Open google.com in my browser, disable cache:
- I missed the host name canonicalization - which was a 301.
- The correction from HTTP to HTTPS is a 307 Internal Redirect.
- It then downloads fonts, the logo images, and my avatar image. Without an API call, which means they shoved my profile information in the page and bundled that with the return - so they're doing actual data retrieval when you hit google.com and not just serving cached assets.
The Response
Above is a file comparison of the IE 11 and Chrome responses - both logged out.
- Not terribly different between IE11 and Chrome. But it means they're user-agent sniffing server-side and not client-side.

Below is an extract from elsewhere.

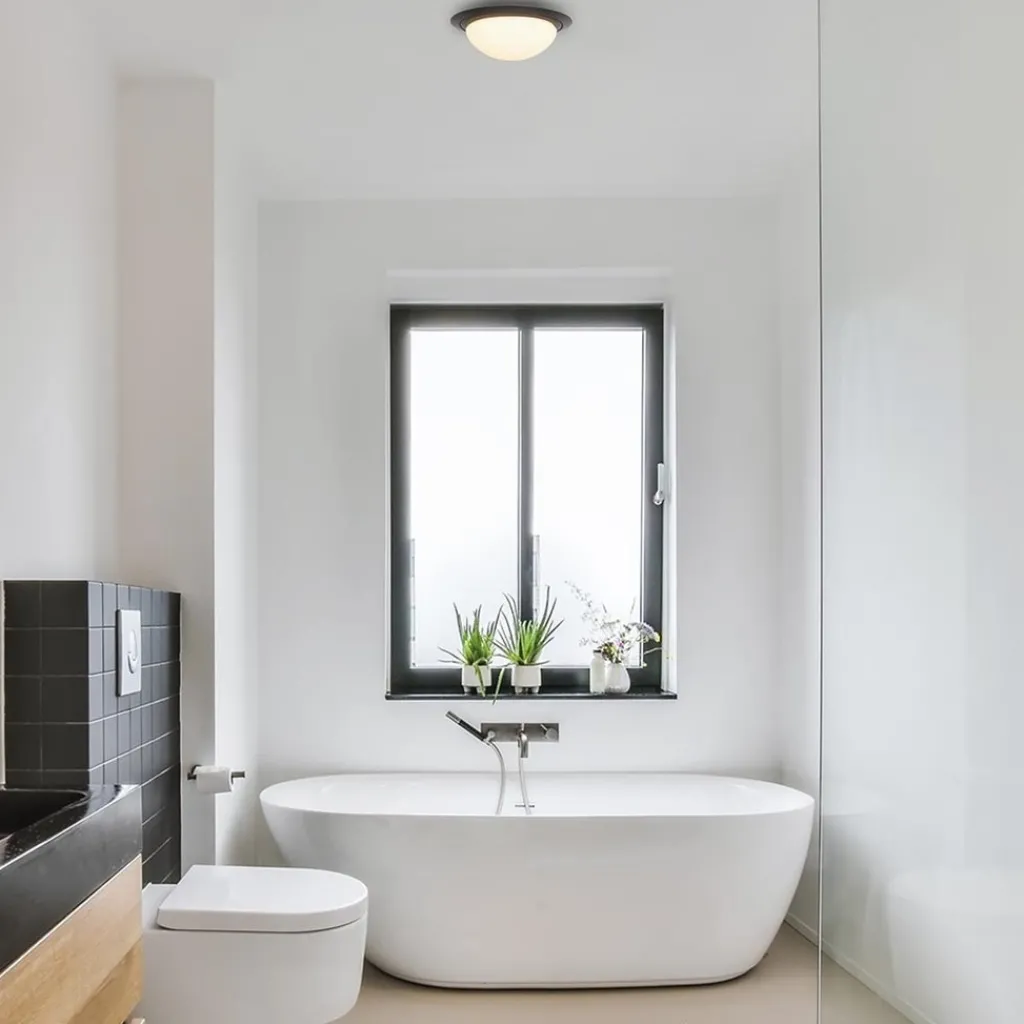 Een klassieke plafonnière in een moderne jasje. De ronde plafondlamp bestaat uit twee delen, de mat zwarte metalen ring en het witte glas. De zwarte plafondlamp is voorzien van LED verlichting waardoor de lamp energiezuinig is en met 960 lumen een prima lichtopbrengst geeft. Voor extra gemak is het LED ook dimbaar middels een 3-standen functie. Hier is geen dimmer voor nodig maar werkt met een gewone wandschakelaar. Per keer dat u de lamp snel achter elkaar aanzet dimt deze naar een volgende stand. Perfect om snel de gewenste sfeer te creëren. De zwarte plafondlamp met wit glas is IP44 goedgekeurd, zodat deze ook in een badkamer kan worden toegepast.

Could have mentioned this in my answer.
- Unexpectedly, the Chrome response is larger by 22kB. I wonder if it's the search-by-voice feature, which is visibly absent from IE 11. IE11 probably needs polyfills and the Chrome advertisement but it's all obfuscated and I'm not going to torture myself any further.
- Even after I clear my cookies in Chrome, it still sends cookies on first request. It does not do that in IE 11.
Lets dig into that rendering!
That pic above is the first screenshot Chrome will give you.
- There aren't any async or defer attributes on the script tags, just nonce attributes. I'm learning about nonce as of this minute, and it seems to be security related. I guess they want those blocking scripts. I'm sure they fiddled around with/without async/defer at some point and decided against it.
- Note to self: Full response is a mess of mixed JavaScript, CSS, and HTML. They aren't following any rules governing their placement in regards to separation.
What about the question itself?
You know what? Maybe it's not that great of an interview question for a developer since the answer has so much networking involved. It's the format of the question I like, something open ended, that includes some guessing. That gives the interviewer the opportunity to follow up with questions like "How do you think TLS is established?" to see how the candidate thinks, see how creative they are, see what their limit is (how patient?).
What's your favorite interview question?